You are in for an amazing treat! This cake is intensely scrumptious and a crowd pleaser! I have been making a version of this wonderful chocolate deliciousness for years, but I think this new twist really knocks it out of the park! You are going to love it!

I have a couple of brothers who live in town and we love to have a Sunday dinner together! It just so happens to be one of my sister in laws birthdays which was a perfect reason to tinker with this trusted recipe. It turned out spectacularly! Seriously! So yummy! I’m excited for you to give it a try.

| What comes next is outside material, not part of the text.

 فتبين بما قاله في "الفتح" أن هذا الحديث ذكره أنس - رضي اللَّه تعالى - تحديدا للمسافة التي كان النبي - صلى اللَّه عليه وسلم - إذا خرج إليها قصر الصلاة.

Let me tell you a couple of helpful things up front. First of all, you can do the easy version of this cake and still have it be pretty incredible, just less of a time investment. The easy version is just a cake mix and prepared frosting, but you still add the amazing filling! However, you can do the full everything from scratch, I-had-nothing-else-to-do-today version and it truly is an awe inspiring dessert. I have done both ways and am grateful for the shortcut when I need it! Secondly, Ruby Chocolate is a delight and so unique, but a bit difficult to find and also a bit pricey. You can find it here or here on Amazon, which might just save you some time. I finally found it at a small grocery store (Natural Grocer), after checking 4 different grocery stores in person and calling 6 others!

If you haven’t tried Ruby Chocolate, you are in for a unique treat. Apparently it is the first discovery of chocolate in 80 years. It is a different cacao bean that produces a pink color and definite tones of fruitiness. I already LOVE fruit and chocolate, so Ruby Chocolate is a delight to me. My husband and daughter loved the ruby chocolate plain, but my son was less enthusiastic. He said he liked it fine, but he had no problem devouring the cake!

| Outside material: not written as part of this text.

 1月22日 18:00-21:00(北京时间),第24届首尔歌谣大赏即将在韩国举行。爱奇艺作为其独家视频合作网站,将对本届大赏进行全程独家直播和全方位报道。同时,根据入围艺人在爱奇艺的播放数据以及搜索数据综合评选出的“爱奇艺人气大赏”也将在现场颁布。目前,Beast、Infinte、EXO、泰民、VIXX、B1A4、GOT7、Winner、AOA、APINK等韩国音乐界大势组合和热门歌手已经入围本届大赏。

Please know, I have made this cake dozens of times with dark chocolate chips instead of the Ruby and it has never failed to wow the crowd! So if you can’t find Ruby, you will still be amazed with dark chocolate!

I doubled the recipe when I made everything, so I could make the bundt cake AND the cupcakes in order to feed a crowd. In the recipe below I will give you the single batch measurements, that will either accommodate a bundt cake (12 cup Bundt) or 24 cupcakes. For the Bundt Cake I drizzle it with a rich chocolate ganache (found below) and for the cupcakes, I created a chocolate cream cheese buttercream that is also to die for. That frosting recipe is here.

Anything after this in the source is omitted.